In my view, there are three valuable comments in this issue so far:

1. Timeout for the client is missing. I should be adding it soon.
2. Additionally, we could have an implementation for the adaptor-signature-based solution. Maybe the whole discussion related to the adaptor signature-based solution could go to a different issue. (just like the next point)
3. The problem of the locked money is only relevant in the adaptor-signature-based solution. I'm not so convinced this is something we need to take care of. The server can always simulate locally that the signed transaction will transfer the appropriate amount of money and if the resigned transaction is incorrect, then the server just does not reveal the decryption key and aborts the protocol.

[PopcornPaws]

Okay, thanks for clearing that up @seresistvanandras ! Yeah, I guess the adaptor signature part can be a separate issue. I already have a baseline implementation for a Schnorr signature on secp256k1 but we should probably implement one for the ECDSA version as well, which is used by Ethereum.

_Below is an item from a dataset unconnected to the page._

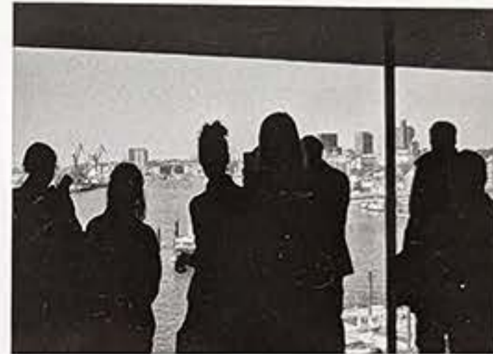
Tief im Speicher: Ausblick nach Westen

werde belohnt. Für meine Hartnäckigkeit. Mein Wiederkehren. Der Ausblick ist jetzt wirklich spektakulär und mit jeder Etage der Foyer-Kaskade, die ich emporsteige, wird er spektakulärer. Die Besucher auf

For the sake of posterity, here are some adaptor signature implementations I found:

• secp256k1-zkp - essentially a wrapper around libsecp256k1 which is written in C. I'd avoid this, because I used this in a few projects and building Rust with C bindings can be painful sometimes on different platforms. IMO let's just keep the code as homogeneous as possible.
• ecdsa_fun - also uses secp256k1 under the hood, see previous point
• farcaster_core - very Bitcoin specific with structs like Alice and Bob, I'm not sure this is what we would need, but I'll just leave it here.

Personally, I'd only use arkworks crates for this project, we just have to implement the AdaptorSignature trait for the ECDSA version of signature generation on secp256k1. I'll make this a separate issue probably.

[seresistvanandras]

Nice overview on the available adaptor signature implementations.

+1 for arkworks. It should be our choice.

p.s.: I have a vague thought that maybe the issue mentioned in the very first post of this issue in the adaptor-signature-based implementation, namely that the client can preemptively spend the money before the server adapts the signature, could be prevented with the usage of the CREATE2 opcode. Maybe I'm wrong, and there is no solution that uses the CREATE2 opcode....anyways, this preemptively spending the money from the client's address feels like an orthogonal problem that I don't know we need to pay much attention to.

[seresistvanandras]

• [ ] Add a timelock stored in the contract storage for the client to withdraw coins. Use OpenZeppelin standard.
• [ ] Migrate from the BN254 curve to the BLS12_381 curve.
• [ ] Support multiple clients in a single transaction call.

[PopcornPaws]

@seresistvanandras if you think the contract is finished on a demo-level, we can close this issue right?

[seresistvanandras]

Yepp...I've just added the Solidity code of the ElGamal protocol to the paper. There are countless future directions but let's leave it to future work! As a proof of concept, it should be fine! Closing! Thanks for the discussion!